Joseph Humphries (1876-1946) Test Cap No.158

Full name Joseph Humphries
Born May 19, 1876, Stonebroom, Derbyshire
Died May 7, 1946, Chesterfield, Derbyshire (aged 69 years 353 days)
Major teams England, Derbyshire
Batting style Right-hand bat
Fielding position Wicketkeeper

Profile
Joseph Humphries (19 May 1876 – 7 May 1946) was an English cricketer who played three Test matches for England on their tour to Australia in 1907-08 and for Derbyshire County Cricket Club and the Marylebone Cricket Club between 1899 and 1914.Humphries was born in Stonebroom, Derbyshire,the son of John Thomas Humphries and his wife Eliza. His father was a coal miner.

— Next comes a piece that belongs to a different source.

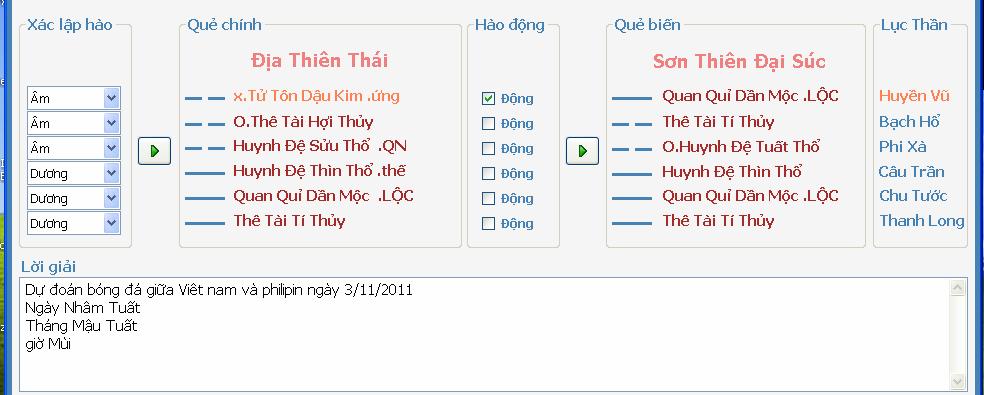 Huynh động mà hóa tiến thần chứng tỏ Việt Nam đã chuyển bại ở hiệp một thành thắng ở hiệp thứ hai. Như vậy, hào thế được nhật thần và nguyệt kiến trợ giúp nên rất mạnh. Lại huynh động trợ giúp, rồi hóa tiến thần, đáng nhẽ là phải 3 quả nhưng tôi không giám đoán như vậy vì đội bạn quá mạnh. Còn quả đội bạn đá vào lưới của Việt Nam không hiểu lí do gì, không hiểu có phải quẻ biến có Tí Mùi tương hại hay không?
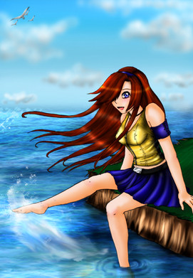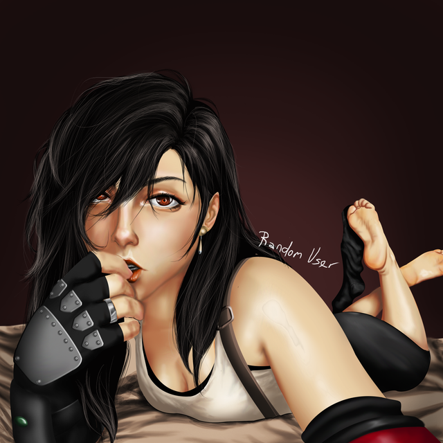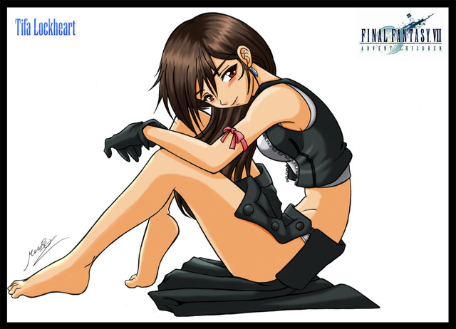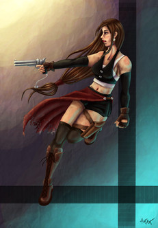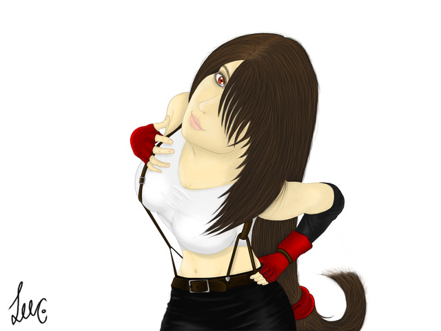 Tifa Lockhart is a female protagonist from the Final Fantasy universe but most recognized from Final Fantasy VII. She is an expert in Zangan-Ryu martial arts and uses her fists and feet as her weapons. Tifa has long, dark brown hair with the ends parted like a dolphin's tail, a large bosom, and deep brown eyes. Bright and optimistic, Tifa always cheers up others when they are down. But don't let her looks fool you, she can decimate almost any foe, that gets in front of her fists.Drawn: Photo shop 7

Humphries was a wicket-keeper, who made his first-class debut for Derbyshire in the 1899 season. However with William Storer in place, he did not earn a regular place in the Derbyshire side until the 1902 season. Humphries was party to a dramatic finish in the second Test in Melbourne in January 1908, when as tailender he put on 34, and England won by 1 wicket to avoid a tie.[2] His career ended with the start of the First World War.Humphries died in Chesterfield, Derbyshire, at the age of nearly 70.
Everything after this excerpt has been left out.